* **Problem description**: With every picture left out, give the data below back exactly.

* **Given information**:
+-------+

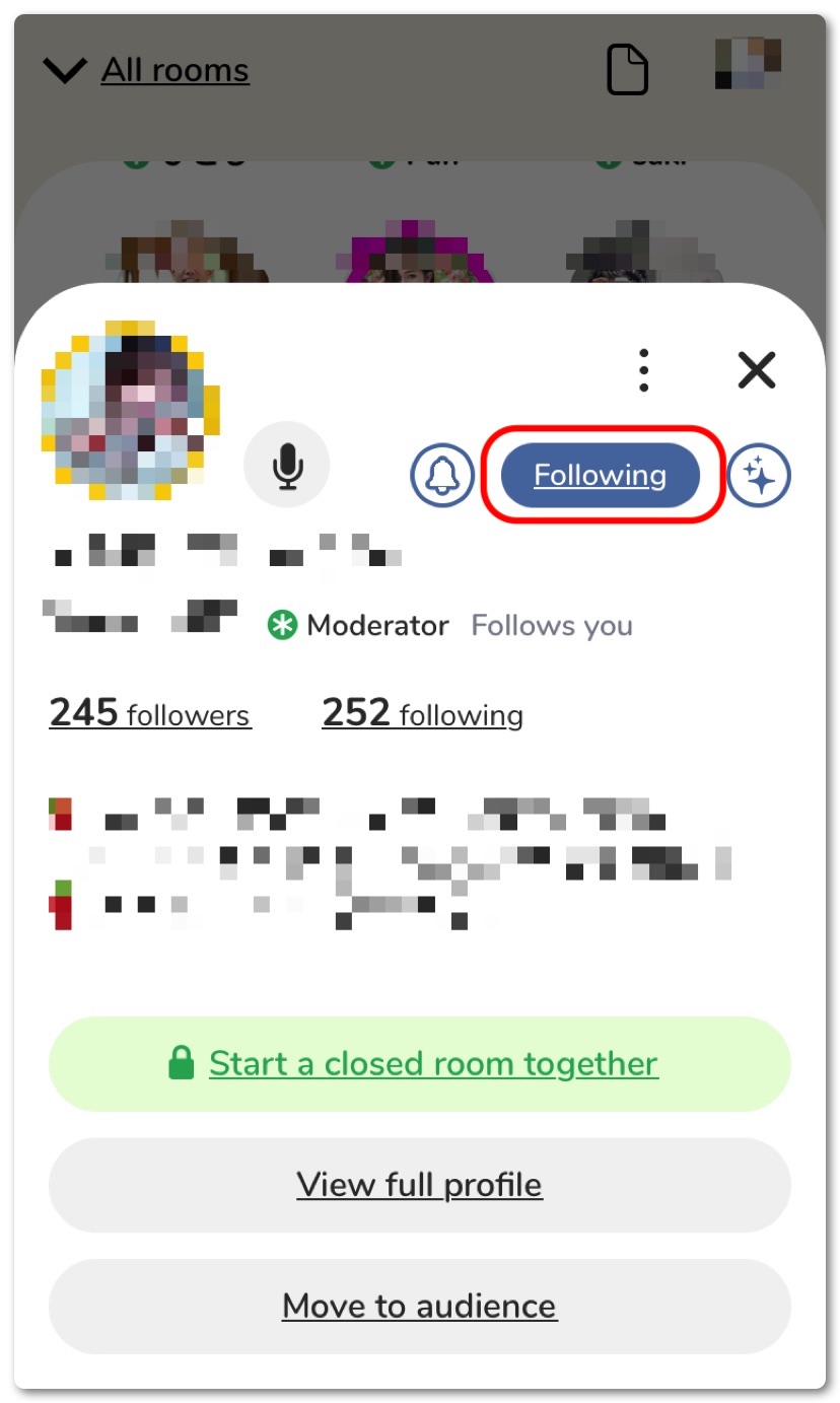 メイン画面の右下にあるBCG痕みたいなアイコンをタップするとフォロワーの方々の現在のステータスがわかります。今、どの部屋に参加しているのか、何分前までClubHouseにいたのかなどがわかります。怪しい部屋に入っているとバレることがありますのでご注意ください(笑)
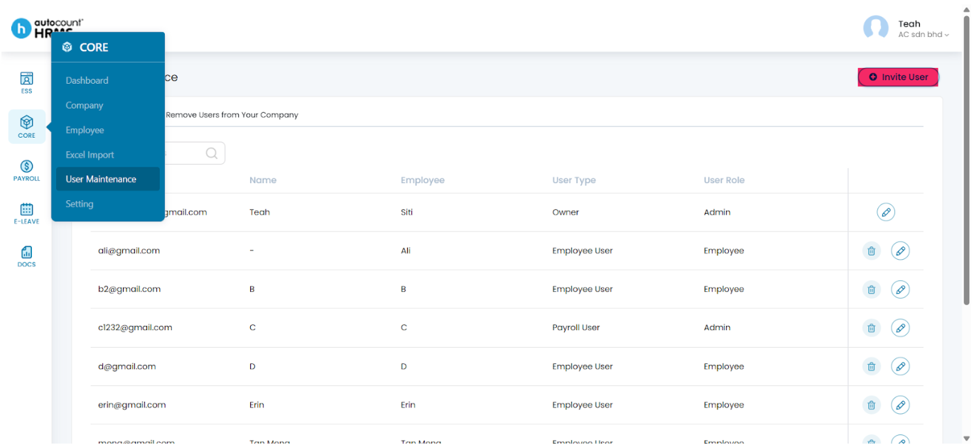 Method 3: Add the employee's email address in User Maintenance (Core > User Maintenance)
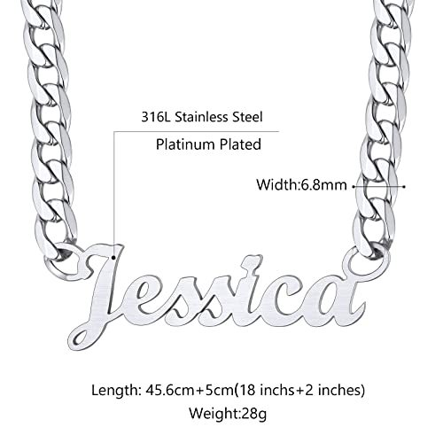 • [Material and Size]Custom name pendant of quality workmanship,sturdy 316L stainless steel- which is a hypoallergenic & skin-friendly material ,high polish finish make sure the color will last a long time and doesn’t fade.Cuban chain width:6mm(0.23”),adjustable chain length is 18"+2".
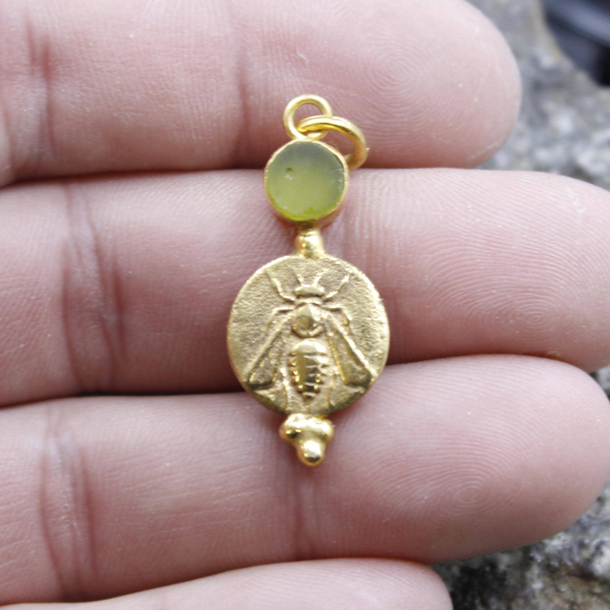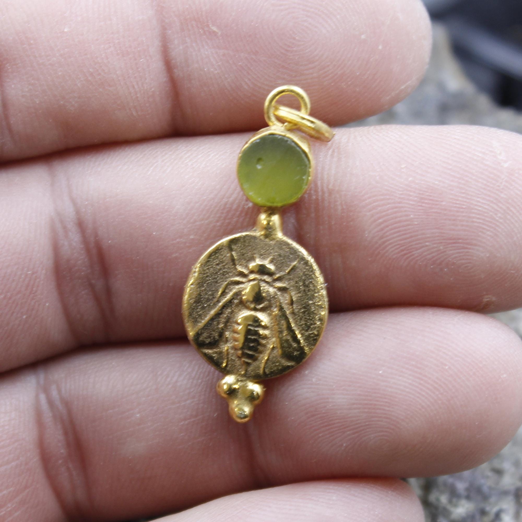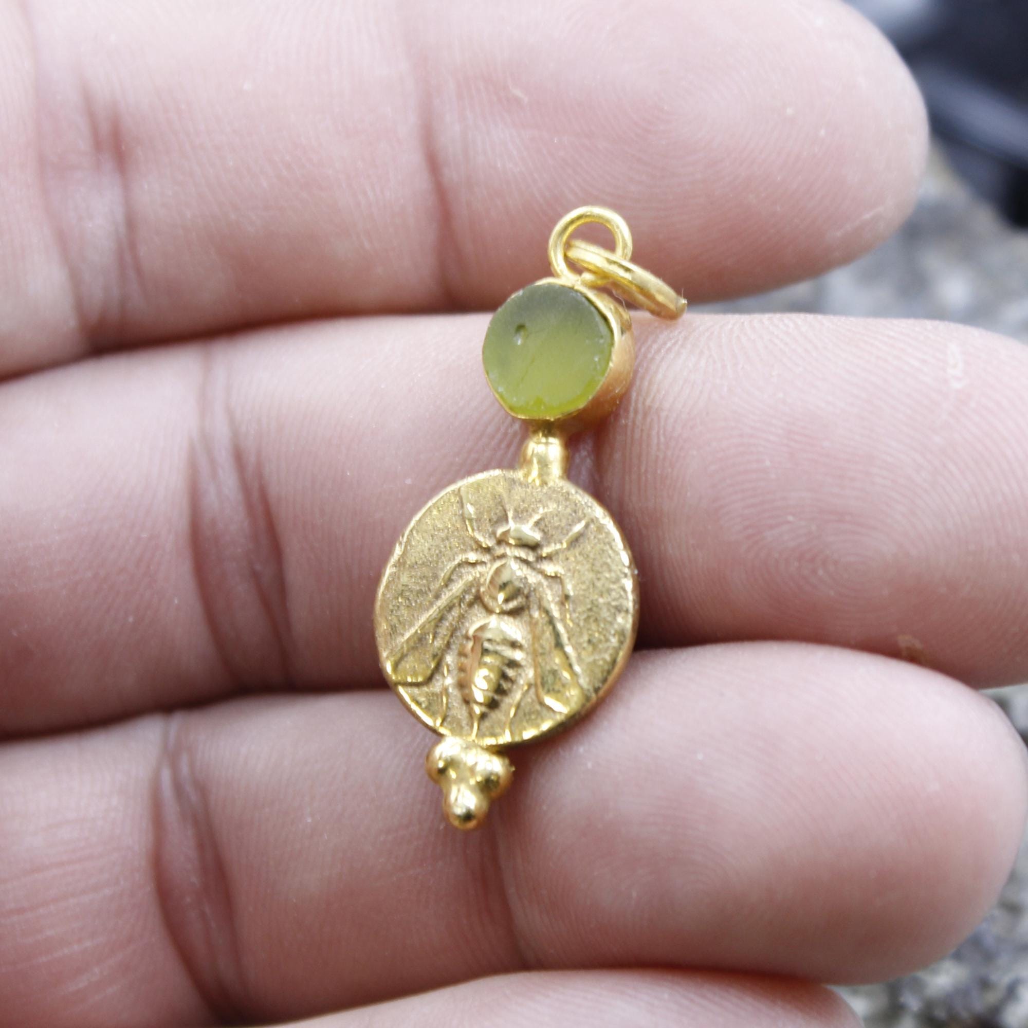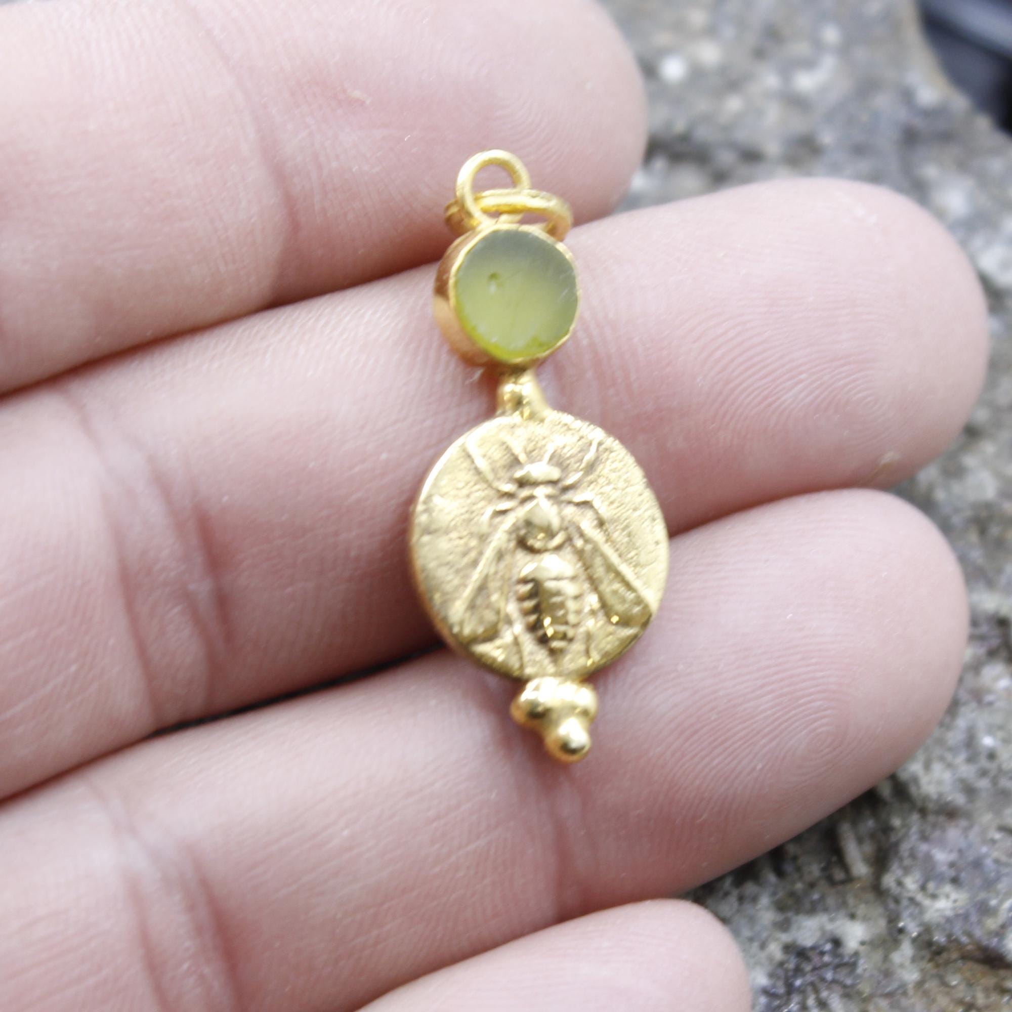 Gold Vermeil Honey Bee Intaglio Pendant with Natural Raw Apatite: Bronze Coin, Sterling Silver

+-------+

* **Problem solution**:
 メイン画面の右下にあるBCG痕みたいなアイコンをタップするとフォロワーの方々の現在のステータスがわかります。今、どの部屋に参加しているのか、何分前までClubHouseにいたのかなどがわかります。怪しい部屋に入っているとバレることがありますのでご注意ください(笑)
 Method 3: Add the employee's email address in User Maintenance (Core > User Maintenance)
 • [Material and Size]Custom name pendant of quality workmanship,sturdy 316L stainless steel- which is a hypoallergenic & skin-friendly material ,high polish finish make sure the color will last a long time and doesn’t fade.Cuban chain width:6mm(0.23”),adjustable chain length is 18"+2".
 Gold Vermeil Honey Bee Intaglio Pendant with Natural Raw Apatite: Bronze Coin, Sterling Silver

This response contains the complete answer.